Start of Data extracts

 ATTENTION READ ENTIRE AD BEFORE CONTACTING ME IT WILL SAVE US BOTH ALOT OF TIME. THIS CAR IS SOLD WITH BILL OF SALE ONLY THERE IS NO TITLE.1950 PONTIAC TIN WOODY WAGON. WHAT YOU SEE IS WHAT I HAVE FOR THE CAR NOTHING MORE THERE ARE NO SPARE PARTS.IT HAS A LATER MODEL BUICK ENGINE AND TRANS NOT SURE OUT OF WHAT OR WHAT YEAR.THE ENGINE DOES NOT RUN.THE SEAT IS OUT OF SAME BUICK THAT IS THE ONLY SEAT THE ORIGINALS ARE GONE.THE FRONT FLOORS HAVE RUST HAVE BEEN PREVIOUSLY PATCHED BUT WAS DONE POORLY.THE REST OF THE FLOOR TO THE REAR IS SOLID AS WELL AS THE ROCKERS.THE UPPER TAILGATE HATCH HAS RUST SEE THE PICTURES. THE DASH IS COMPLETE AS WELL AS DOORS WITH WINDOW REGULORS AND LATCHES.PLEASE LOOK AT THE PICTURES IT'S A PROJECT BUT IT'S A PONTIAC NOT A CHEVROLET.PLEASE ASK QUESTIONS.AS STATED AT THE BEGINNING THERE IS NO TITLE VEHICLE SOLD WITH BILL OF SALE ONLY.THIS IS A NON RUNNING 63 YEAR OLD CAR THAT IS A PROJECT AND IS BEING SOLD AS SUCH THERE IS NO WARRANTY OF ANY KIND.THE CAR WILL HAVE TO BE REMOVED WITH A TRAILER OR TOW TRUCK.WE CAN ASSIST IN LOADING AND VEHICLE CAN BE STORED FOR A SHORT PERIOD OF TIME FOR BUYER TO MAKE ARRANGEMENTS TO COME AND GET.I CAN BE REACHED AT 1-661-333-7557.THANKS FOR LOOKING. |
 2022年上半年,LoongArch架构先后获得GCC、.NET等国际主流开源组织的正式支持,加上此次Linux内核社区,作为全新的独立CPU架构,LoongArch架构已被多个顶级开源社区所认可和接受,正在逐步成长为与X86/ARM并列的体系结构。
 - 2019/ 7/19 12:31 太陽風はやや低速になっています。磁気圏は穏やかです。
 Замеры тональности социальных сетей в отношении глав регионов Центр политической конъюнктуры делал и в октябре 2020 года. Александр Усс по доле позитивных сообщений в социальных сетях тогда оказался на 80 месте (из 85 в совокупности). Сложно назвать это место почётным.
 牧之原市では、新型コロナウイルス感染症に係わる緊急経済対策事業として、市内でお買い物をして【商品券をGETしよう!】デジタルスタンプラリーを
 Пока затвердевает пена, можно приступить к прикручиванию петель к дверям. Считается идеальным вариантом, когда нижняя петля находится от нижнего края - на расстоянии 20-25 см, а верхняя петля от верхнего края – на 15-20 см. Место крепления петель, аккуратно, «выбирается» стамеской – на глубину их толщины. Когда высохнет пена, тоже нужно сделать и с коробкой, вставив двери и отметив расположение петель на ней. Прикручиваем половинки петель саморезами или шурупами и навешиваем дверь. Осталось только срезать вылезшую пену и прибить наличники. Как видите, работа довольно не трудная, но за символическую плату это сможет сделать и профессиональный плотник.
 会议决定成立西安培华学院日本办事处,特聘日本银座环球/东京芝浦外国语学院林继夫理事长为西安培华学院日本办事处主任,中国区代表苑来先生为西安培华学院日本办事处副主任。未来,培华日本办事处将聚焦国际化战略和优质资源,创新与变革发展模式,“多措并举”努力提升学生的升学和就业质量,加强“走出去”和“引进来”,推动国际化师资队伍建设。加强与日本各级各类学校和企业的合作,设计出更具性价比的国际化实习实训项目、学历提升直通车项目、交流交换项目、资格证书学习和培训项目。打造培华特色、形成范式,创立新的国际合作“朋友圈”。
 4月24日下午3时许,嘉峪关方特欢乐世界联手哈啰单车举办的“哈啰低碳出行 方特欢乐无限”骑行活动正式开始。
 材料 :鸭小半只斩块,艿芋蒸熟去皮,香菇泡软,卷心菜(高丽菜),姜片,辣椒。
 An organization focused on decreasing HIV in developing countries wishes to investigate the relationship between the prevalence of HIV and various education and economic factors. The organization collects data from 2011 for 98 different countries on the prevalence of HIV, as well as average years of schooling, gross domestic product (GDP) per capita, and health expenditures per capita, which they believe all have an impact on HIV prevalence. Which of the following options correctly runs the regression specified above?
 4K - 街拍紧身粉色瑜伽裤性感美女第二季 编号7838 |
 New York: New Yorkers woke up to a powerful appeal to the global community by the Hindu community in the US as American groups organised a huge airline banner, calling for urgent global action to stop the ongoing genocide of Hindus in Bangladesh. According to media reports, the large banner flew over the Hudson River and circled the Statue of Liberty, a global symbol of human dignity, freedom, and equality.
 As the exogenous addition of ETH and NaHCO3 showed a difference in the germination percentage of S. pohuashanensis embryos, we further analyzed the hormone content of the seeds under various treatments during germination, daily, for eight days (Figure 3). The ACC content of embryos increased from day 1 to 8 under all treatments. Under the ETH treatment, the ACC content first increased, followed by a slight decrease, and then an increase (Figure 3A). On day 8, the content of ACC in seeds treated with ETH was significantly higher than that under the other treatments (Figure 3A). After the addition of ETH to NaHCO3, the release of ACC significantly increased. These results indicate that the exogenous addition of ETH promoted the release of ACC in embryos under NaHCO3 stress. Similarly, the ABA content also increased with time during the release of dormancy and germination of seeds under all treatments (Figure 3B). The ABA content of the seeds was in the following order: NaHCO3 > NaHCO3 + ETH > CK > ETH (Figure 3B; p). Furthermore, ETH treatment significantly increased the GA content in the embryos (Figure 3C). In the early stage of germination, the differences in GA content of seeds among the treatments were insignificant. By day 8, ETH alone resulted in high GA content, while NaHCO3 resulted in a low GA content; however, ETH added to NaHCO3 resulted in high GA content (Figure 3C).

End of Data extracts

# Work task
Leaving nothing out, print each line above exactly.

# Solution below
 ATTENTION READ ENTIRE AD BEFORE CONTACTING ME IT WILL SAVE US BOTH ALOT OF TIME. THIS CAR IS SOLD WITH BILL OF SALE ONLY THERE IS NO TITLE.1950 PONTIAC TIN WOODY WAGON. WHAT YOU SEE IS WHAT I HAVE FOR THE CAR NOTHING MORE THERE ARE NO SPARE PARTS.IT HAS A LATER MODEL BUICK ENGINE AND TRANS NOT SURE OUT OF WHAT OR WHAT YEAR.THE ENGINE DOES NOT RUN.THE SEAT IS OUT OF SAME BUICK THAT IS THE ONLY SEAT THE ORIGINALS ARE GONE.THE FRONT FLOORS HAVE RUST HAVE BEEN PREVIOUSLY PATCHED BUT WAS DONE POORLY.THE REST OF THE FLOOR TO THE REAR IS SOLID AS WELL AS THE ROCKERS.THE UPPER TAILGATE HATCH HAS RUST SEE THE PICTURES. THE DASH IS COMPLETE AS WELL AS DOORS WITH WINDOW REGULORS AND LATCHES.PLEASE LOOK AT THE PICTURES IT'S A PROJECT BUT IT'S A PONTIAC NOT A CHEVROLET.PLEASE ASK QUESTIONS.AS STATED AT THE BEGINNING THERE IS NO TITLE VEHICLE SOLD WITH BILL OF SALE ONLY.THIS IS A NON RUNNING 63 YEAR OLD CAR THAT IS A PROJECT AND IS BEING SOLD AS SUCH THERE IS NO WARRANTY OF ANY KIND.THE CAR WILL HAVE TO BE REMOVED WITH A TRAILER OR TOW TRUCK.WE CAN ASSIST IN LOADING AND VEHICLE CAN BE STORED FOR A SHORT PERIOD OF TIME FOR BUYER TO MAKE ARRANGEMENTS TO COME AND GET.I CAN BE REACHED AT 1-661-333-7557.THANKS FOR LOOKING. |
 2022年上半年,LoongArch架构先后获得GCC、.NET等国际主流开源组织的正式支持,加上此次Linux内核社区,作为全新的独立CPU架构,LoongArch架构已被多个顶级开源社区所认可和接受,正在逐步成长为与X86/ARM并列的体系结构。
 - 2019/ 7/19 12:31 太陽風はやや低速になっています。磁気圏は穏やかです。
 Замеры тональности социальных сетей в отношении глав регионов Центр политической конъюнктуры делал и в октябре 2020 года. Александр Усс по доле позитивных сообщений в социальных сетях тогда оказался на 80 месте (из 85 в совокупности). Сложно назвать это место почётным.
 牧之原市では、新型コロナウイルス感染症に係わる緊急経済対策事業として、市内でお買い物をして【商品券をGETしよう!】デジタルスタンプラリーを
 Пока затвердевает пена, можно приступить к прикручиванию петель к дверям. Считается идеальным вариантом, когда нижняя петля находится от нижнего края - на расстоянии 20-25 см, а верхняя петля от верхнего края – на 15-20 см. Место крепления петель, аккуратно, «выбирается» стамеской – на глубину их толщины. Когда высохнет пена, тоже нужно сделать и с коробкой, вставив двери и отметив расположение петель на ней. Прикручиваем половинки петель саморезами или шурупами и навешиваем дверь. Осталось только срезать вылезшую пену и прибить наличники. Как видите, работа довольно не трудная, но за символическую плату это сможет сделать и профессиональный плотник.
 会议决定成立西安培华学院日本办事处,特聘日本银座环球/东京芝浦外国语学院林继夫理事长为西安培华学院日本办事处主任,中国区代表苑来先生为西安培华学院日本办事处副主任。未来,培华日本办事处将聚焦国际化战略和优质资源,创新与变革发展模式,“多措并举”努力提升学生的升学和就业质量,加强“走出去”和“引进来”,推动国际化师资队伍建设。加强与日本各级各类学校和企业的合作,设计出更具性价比的国际化实习实训项目、学历提升直通车项目、交流交换项目、资格证书学习和培训项目。打造培华特色、形成范式,创立新的国际合作“朋友圈”。
 4月24日下午3时许,嘉峪关方特欢乐世界联手哈啰单车举办的“哈啰低碳出行 方特欢乐无限”骑行活动正式开始。
 材料 :鸭小半只斩块,艿芋蒸熟去皮,香菇泡软,卷心菜(高丽菜),姜片,辣椒。
 An organization focused on decreasing HIV in developing countries wishes to investigate the relationship between the prevalence of HIV and various education and economic factors. The organization collects data from 2011 for 98 different countries on the prevalence of HIV, as well as average years of schooling, gross domestic product (GDP) per capita, and health expenditures per capita, which they believe all have an impact on HIV prevalence. Which of the following options correctly runs the regression specified above?
 4K - 街拍紧身粉色瑜伽裤性感美女第二季 编号7838 |
 New York: New Yorkers woke up to a powerful appeal to the global community by the Hindu community in the US as American groups organised a huge airline banner, calling for urgent global action to stop the ongoing genocide of Hindus in Bangladesh. According to media reports, the large banner flew over the Hudson River and circled the Statue of Liberty, a global symbol of human dignity, freedom, and equality.
 As the exogenous addition of ETH and NaHCO3 showed a difference in the germination percentage of S. pohuashanensis embryos, we further analyzed the hormone content of the seeds under various treatments during germination, daily, for eight days (Figure 3). The ACC content of embryos increased from day 1 to 8 under all treatments. Under the ETH treatment, the ACC content first increased, followed by a slight decrease, and then an increase (Figure 3A). On day 8, the content of ACC in seeds treated with ETH was significantly higher than that under the other treatments (Figure 3A). After the addition of ETH to NaHCO3, the release of ACC significantly increased. These results indicate that the exogenous addition of ETH promoted the release of ACC in embryos under NaHCO3 stress. Similarly, the ABA content also increased with time during the release of dormancy and germination of seeds under all treatments (Figure 3B). The ABA content of the seeds was in the following order: NaHCO3 > NaHCO3 + ETH > CK > ETH (Figure 3B; p). Furthermore, ETH treatment significantly increased the GA content in the embryos (Figure 3C). In the early stage of germination, the differences in GA content of seeds among the treatments were insignificant. By day 8, ETH alone resulted in high GA content, while NaHCO3 resulted in a low GA content; however, ETH added to NaHCO3 resulted in high GA content (Figure 3C).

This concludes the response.